Digital flow meters differ primarily in the sensing mechanism used to collect information on fluid velocity. However, converting this information from an analog to a digital form is similar across all flow meters. Professional engineers and technicians working with digital flow meters should be aware of this to ensure their measurements’ accuracy and reliability.

Magnetic Flow Meter

Magnetic flow meters, also known as magmeters, measure fluid flow rates by measuring the voltage generated when a liquid passes through a magnetic field (see illustration).  The physical principle behind this type of meter is electromagnetic induction. For mag meters to work correctly, it is essential that the fluid is conducting and contains ions (e.g., water) and that the pipe surface is electrically isolated (e.g., rubber-lined steel tube). Moreover, mag meters can measure fluid velocity in various fluids, including slurries and liquids with embedded solids. However, corrosion of the electrodes may occur when measuring certain liquids, which can result in inaccurate readings. To avoid this, mag meters can be fitted with electrodes made from high nickel corrosive-resistant alloys. For professionals in the field, correct installation and maintenance of mag meters are crucial for obtaining reliable readings.

Coriolis Flow Meter

The Coriolis digital flow meter is a highly specialized device utilizing a lateral tube that vibrates and distorts under fluid flow pressures. Sensors detect the changes in frequency, phase shift, and amplitude of this vibration, which are then analyzed to determine the mass flow and density of the measured fluid (see illustration).  This technology offers incredibly accurate flow measurement results, regardless of the type of gas or fluid being measured. However, one of the drawbacks of this type of meter is its size and weight due to the “U”-bend design, which may present issues with drainability. Professional users must take this into account when making their flow measurement selections.

Mechanical Flow Meter

Mechanical flow meters are a reliable and accurate family of devices used to measure fluid flow velocity. These devices consist of a chamber, typically containing a screw, piston, gears, disk, rotating vane, or diaphragm, which obstructs the Fluid flow, and a rotating or reciprocating mechanism that permits the passage of constant quantities of fluid via the chamber.

The rate of rotation or reciprocation of the mechanism determines the flow velocity. For professionals requiring reliable and accurate fluid flow velocity measurements, mechanical flow meters are ideal. These devices can withstand some impurities in the measured fluid and work well with clean and non-corrosive liquids and highly viscous fluids.

Ultrasonic Flow Meter

Ultrasonic flow meters provide a reliable, cost-effective solution for measuring the velocity of a variety of fluids.
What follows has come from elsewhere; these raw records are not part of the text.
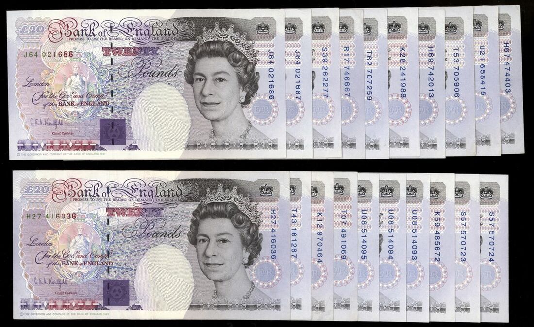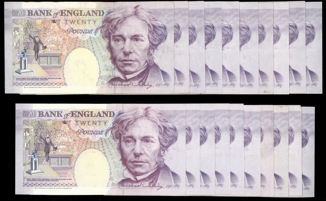 Bank of England, [20 notes] £20, London, ND (1991), G. E. A. Kentfield, (Pick 384b, EPM B371), mostly extremely fine (20 notes)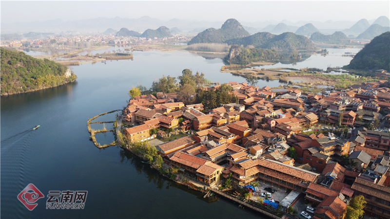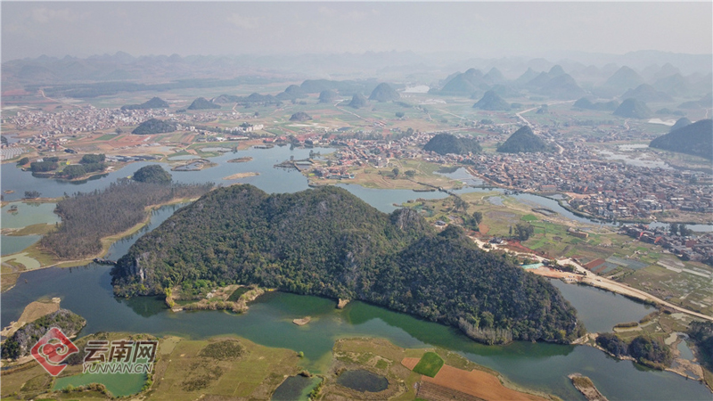 春日三月,云南省文山壮族苗族自治州丘北县普者黑国家湿地公园内层峦叠嶂,山水林田湖草融为一体。蓝天、碧水、村落,一幅绿水青山就是金山银山的美丽画卷,在春色中徐徐展开。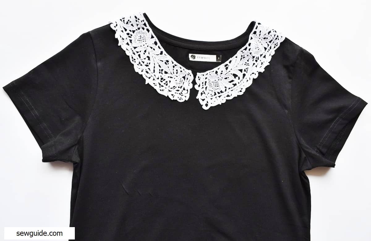 A cute look is a t-shirt with rounded feminine looking collars. You can add flat collars easily on your black t-shirt.

These meters measure flow volume using ultrasonic transducers to calculate the flow rate based on two main types of technology – transit time and Doppler shift.

• Transit time float meters degree the distinction withinside the transit time of ultrasonic pulses propagating in and in opposition to the course of fluid float.
• Doppler waft meters degree the Doppler shift (i.e., the frequency shift) that displays an ultrasonic beam off the particulates withinside the fluid flow. A significant benefit of this flow meter is that the sensors remain outside the fluid flow, allowing them to be used with corrosive materials and slurries.
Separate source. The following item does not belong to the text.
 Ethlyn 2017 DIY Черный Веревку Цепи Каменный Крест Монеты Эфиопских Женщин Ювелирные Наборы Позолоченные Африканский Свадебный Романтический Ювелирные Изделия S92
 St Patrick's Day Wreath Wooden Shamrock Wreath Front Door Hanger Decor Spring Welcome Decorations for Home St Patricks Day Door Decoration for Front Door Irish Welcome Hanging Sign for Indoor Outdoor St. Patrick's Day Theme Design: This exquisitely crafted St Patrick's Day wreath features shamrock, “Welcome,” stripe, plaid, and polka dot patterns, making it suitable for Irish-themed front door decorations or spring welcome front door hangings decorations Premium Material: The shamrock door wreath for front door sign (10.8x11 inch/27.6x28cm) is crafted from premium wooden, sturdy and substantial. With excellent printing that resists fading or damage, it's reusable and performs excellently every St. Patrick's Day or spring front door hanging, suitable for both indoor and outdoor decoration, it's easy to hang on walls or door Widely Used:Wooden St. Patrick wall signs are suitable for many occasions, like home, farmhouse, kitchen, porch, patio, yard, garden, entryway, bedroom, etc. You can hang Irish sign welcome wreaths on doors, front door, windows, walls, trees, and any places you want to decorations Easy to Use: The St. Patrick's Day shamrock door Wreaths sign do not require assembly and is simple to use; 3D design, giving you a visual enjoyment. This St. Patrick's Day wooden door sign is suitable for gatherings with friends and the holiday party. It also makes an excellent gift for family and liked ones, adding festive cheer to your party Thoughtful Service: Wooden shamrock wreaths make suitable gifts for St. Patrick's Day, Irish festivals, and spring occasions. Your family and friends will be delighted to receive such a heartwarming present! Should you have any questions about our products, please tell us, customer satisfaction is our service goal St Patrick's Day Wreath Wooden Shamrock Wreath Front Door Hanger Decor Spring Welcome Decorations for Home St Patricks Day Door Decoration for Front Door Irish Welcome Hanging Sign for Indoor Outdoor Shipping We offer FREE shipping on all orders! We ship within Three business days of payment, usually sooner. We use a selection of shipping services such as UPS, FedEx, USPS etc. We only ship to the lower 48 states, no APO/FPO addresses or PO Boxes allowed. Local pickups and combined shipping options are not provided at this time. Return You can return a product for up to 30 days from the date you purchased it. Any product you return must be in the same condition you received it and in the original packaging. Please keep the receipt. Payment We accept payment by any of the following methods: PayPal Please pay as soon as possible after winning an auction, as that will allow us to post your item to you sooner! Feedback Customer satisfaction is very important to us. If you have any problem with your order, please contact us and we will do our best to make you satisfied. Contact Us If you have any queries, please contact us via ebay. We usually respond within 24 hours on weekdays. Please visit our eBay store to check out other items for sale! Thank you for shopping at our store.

Furthermore, ultrasonic flow meters are often less expensive to use and maintain, as they do not require moving parts compared to mechanical flow meters.

Conclusion

The need for precise measurements often requires professionals to turn to digital instruments due to their accuracy, reliability, and ability to retain the measured results for analysis and data storage. BCST can assist in the selection process by helping to narrow down the range of options available, including a few that meet the requirements for measuring fluid flow rates under sanitary operating conditions. By relying on digital technology, professionals can be sure that their measurements are accurate and reliable.